Kinda Mazen Alloush (; born on 27 March 1982 in Hama) is a Syrian actress known for her roles in Syrian and Egyptian drama and cinema.

Early life and career 
Alloush was born in Hama, Syria to a father who was a physician and mother who was an engineer. She studied French literature then she theater criticism at Higher Institute for Dramatic Arts in Damascus. Alloush worked as an author and assistant director. Her first role was in Ashwak Naiema series with Rasha Shurbatji in 2004. Alloush has also acted in many Egyptian drama series such as Dalaa Albanat in 2014, as well as in Egyptian films such as 33 days (2013), Excuse My French (2014), and Hepta (2016).

Personal life 
In 2008, Alloush married Syrian scriptwriter Fares Al-Thahabi. The couple divorced in April 2016. That same year in November, she married Egyptian actor Amr Youssef. The couple celebrated their wedding in January 2017. She gave birth to her first daughter Hayat in November 2018.

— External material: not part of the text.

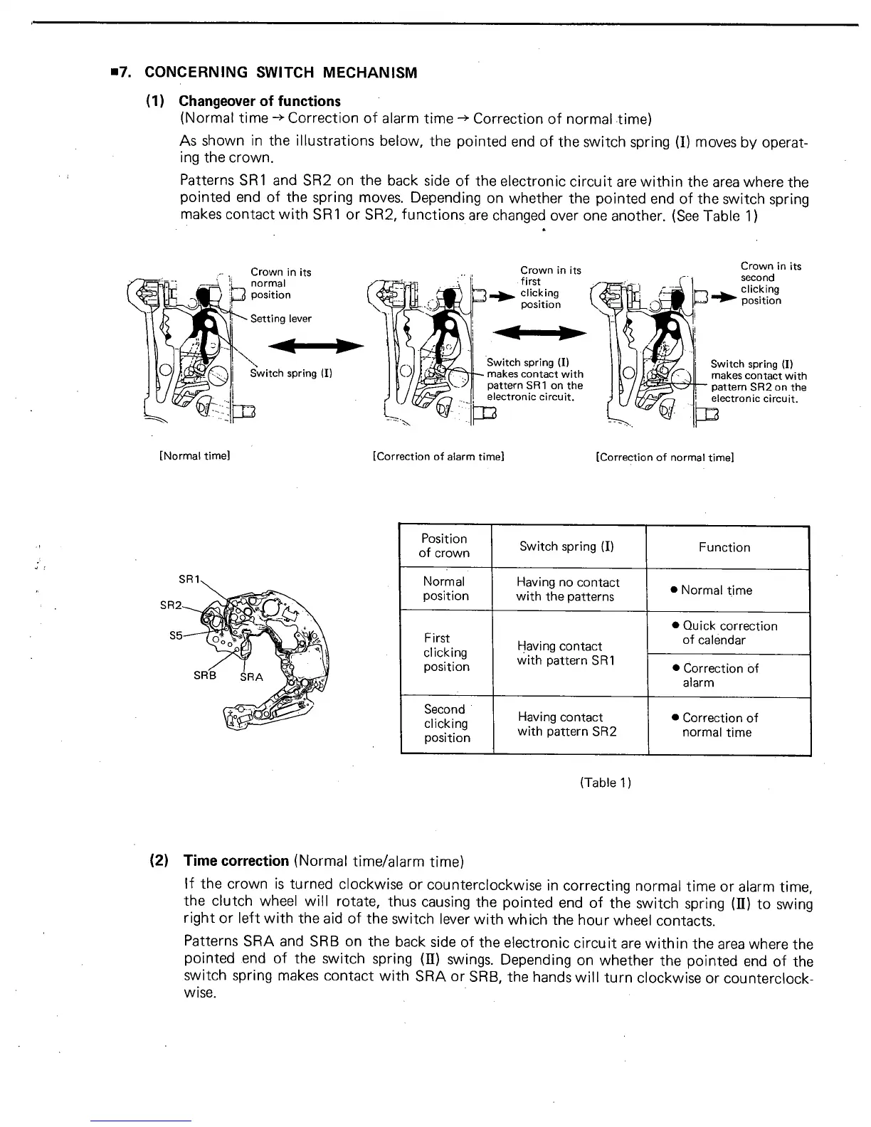 Citizen 3530A - Concerning Switch Mechanism; Changeover of functions; Time correction (Normal time;alarm time)

Alloush is known for supporting the Syrian Revolution since 2011. She signed on what was known by "Milk Statement" in April 2011, the statement demanded the delivery of humanitarian aid including food, medicine and milk to the children of Daraa, which was besieged by government forces. She criticized First Lady of Syria Asma al-Assad for not standing with mothers of victims of Syrian regime.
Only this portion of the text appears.